*** Opening of EXTRACTED DATA ***

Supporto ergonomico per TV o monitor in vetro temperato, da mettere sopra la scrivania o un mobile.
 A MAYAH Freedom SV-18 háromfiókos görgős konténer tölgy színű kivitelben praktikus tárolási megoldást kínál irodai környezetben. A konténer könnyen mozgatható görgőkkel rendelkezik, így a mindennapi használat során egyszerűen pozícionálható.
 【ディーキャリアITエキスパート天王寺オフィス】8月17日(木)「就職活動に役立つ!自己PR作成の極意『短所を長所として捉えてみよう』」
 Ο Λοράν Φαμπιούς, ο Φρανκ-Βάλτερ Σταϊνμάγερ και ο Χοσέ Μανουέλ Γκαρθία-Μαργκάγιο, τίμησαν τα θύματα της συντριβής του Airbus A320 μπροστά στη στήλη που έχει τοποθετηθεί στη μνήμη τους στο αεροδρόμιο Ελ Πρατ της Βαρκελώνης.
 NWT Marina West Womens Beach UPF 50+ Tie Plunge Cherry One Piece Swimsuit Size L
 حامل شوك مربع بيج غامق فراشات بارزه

*** Close of EXTRACTED DATA ***
*** Opening of EXTRACTED DATA ***

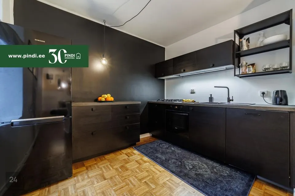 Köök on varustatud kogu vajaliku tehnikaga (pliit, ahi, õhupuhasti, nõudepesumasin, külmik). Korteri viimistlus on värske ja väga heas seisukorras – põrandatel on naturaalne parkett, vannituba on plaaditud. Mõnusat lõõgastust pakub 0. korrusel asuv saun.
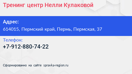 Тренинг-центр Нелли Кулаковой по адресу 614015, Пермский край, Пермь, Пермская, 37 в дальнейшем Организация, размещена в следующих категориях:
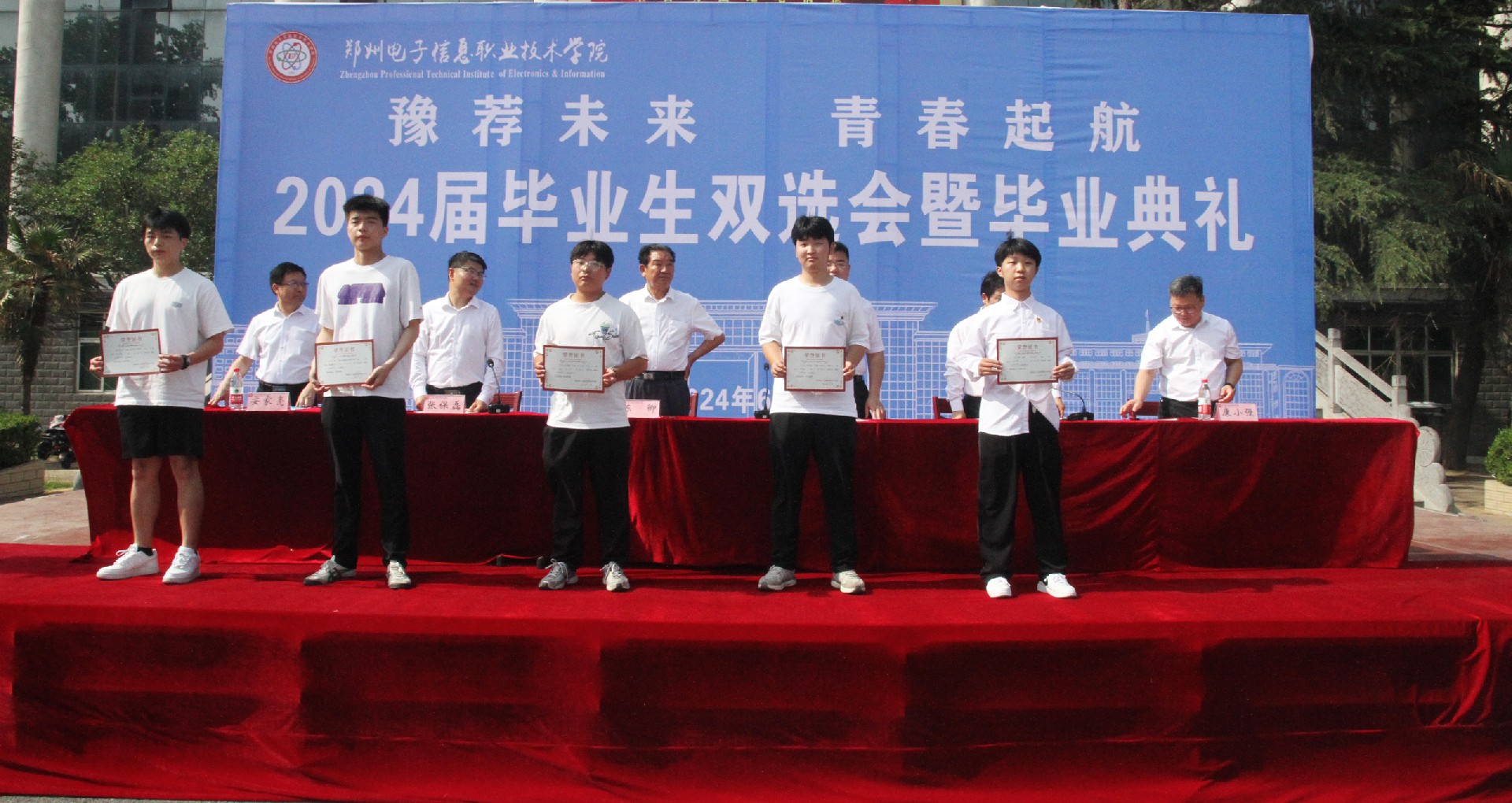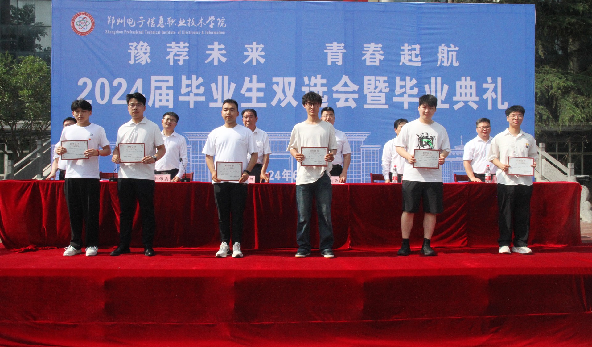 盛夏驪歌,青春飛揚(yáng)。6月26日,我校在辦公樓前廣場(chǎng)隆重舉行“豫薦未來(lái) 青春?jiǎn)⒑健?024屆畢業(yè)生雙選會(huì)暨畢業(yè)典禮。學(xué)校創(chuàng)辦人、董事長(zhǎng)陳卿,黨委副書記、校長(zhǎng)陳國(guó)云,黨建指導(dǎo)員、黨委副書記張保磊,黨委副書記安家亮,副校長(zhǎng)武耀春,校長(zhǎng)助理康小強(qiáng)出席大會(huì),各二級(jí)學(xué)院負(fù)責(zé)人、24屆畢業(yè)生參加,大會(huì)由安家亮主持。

*** Close of EXTRACTED DATA ***

Given the listing above, repeat exactly the lines starting at the one with "Köök on varustatud" and ending at the one with "盛夏驪歌,青春飛揚(yáng", inclusive, excluding pictures.

__RESPONSE TO THIS TASK__:
 Köök on varustatud kogu vajaliku tehnikaga (pliit, ahi, õhupuhasti, nõudepesumasin, külmik). Korteri viimistlus on värske ja väga heas seisukorras – põrandatel on naturaalne parkett, vannituba on plaaditud. Mõnusat lõõgastust pakub 0. korrusel asuv saun.
 Тренинг-центр Нелли Кулаковой по адресу 614015, Пермский край, Пермь, Пермская, 37 в дальнейшем Организация, размещена в следующих категориях:
 盛夏驪歌,青春飛揚(yáng)。6月26日,我校在辦公樓前廣場(chǎng)隆重舉行“豫薦未來(lái) 青春?jiǎn)⒑健?024屆畢業(yè)生雙選會(huì)暨畢業(yè)典禮。學(xué)校創(chuàng)辦人、董事長(zhǎng)陳卿,黨委副書記、校長(zhǎng)陳國(guó)云,黨建指導(dǎo)員、黨委副書記張保磊,黨委副書記安家亮,副校長(zhǎng)武耀春,校長(zhǎng)助理康小強(qiáng)出席大會(huì),各二級(jí)學(xué)院負(fù)責(zé)人、24屆畢業(yè)生參加,大會(huì)由安家亮主持。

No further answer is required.